As the United States further considers a move to a reference pricing model, it is worthwhile to consider how the German system operates and its system’s potential implications for the United States. A recent issue brief, published by the Commonwealth Fund, described Germany’s approach as an alternative to the current US model that imposes high cost-sharing on patients.

In the German system, new drugs are centrally assessed by the Federal Joint Committee, which includes providers, insurers, and hospital organizations (patient groups have nonvoting positions on the board). If a new drug does not have alternatives available, no patient cost-sharing is applied by the committee.

If a drug has alternatives available, and if the committee does not believe that a drug offers incremental benefits over other available treatments, the drug is assigned to a therapeutic class subject to reference pricing. In the brief, the authors explain that, in a reference pricing model, a healthcare purchaser establishes the maximum amount it will contribute toward a drug’s price and often takes into consideration the minimum or median price of drugs in a therapeutic class.

If a patient is prescribed a drug that is cheaper than the reference limit, the patient is responsible for a small co-payment. If the cost is higher than the limit, the patient pays a co-payment plus the difference in the prices between the limit and the product.

Approximately 34% of drugs in Germany, and 80% of prescriptions, are subject to reference pricing, with patients paying the difference in cost and potentially paying additional co-payments that do not count toward their annual out-of-pocket limit, which is set at 1% of gross income for patients with chronic diseases and 2% for all others.

For drugs determined to provide incremental benefits, prices are negotiated collectively by an umbrella organization that comprises all health insurers (rather than by insurers individually, as in the US).

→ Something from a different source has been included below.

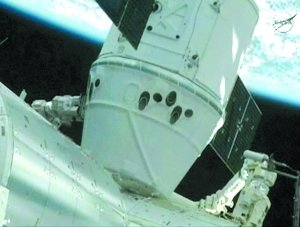 格林尼治時間16時,“龍”飛船成功與空間站“和諧”號節(jié)點艙對接。

If negotiations between the insurer umbrella association and the drug manufacturer do not result in an agreement, the drug is referred to a 3-person arbitration panel that will render a final decision on price. If the drug maker does not agree with the arbitration’s outcome, it can withdraw its drug from the market.

The German model, write the brief’s authors, offers an alternative to the US system, where the burden of cost-sharing on patients is high, especially for those with complex medical conditions.

“US payers often impose modest copayments on low-cost drugs with many direct substitutes but onerous coinsurance on high-cost drugs with few substitutes,” write the authors, adding that “coinsurance does not point the patient toward the most cost-effective drug choices.”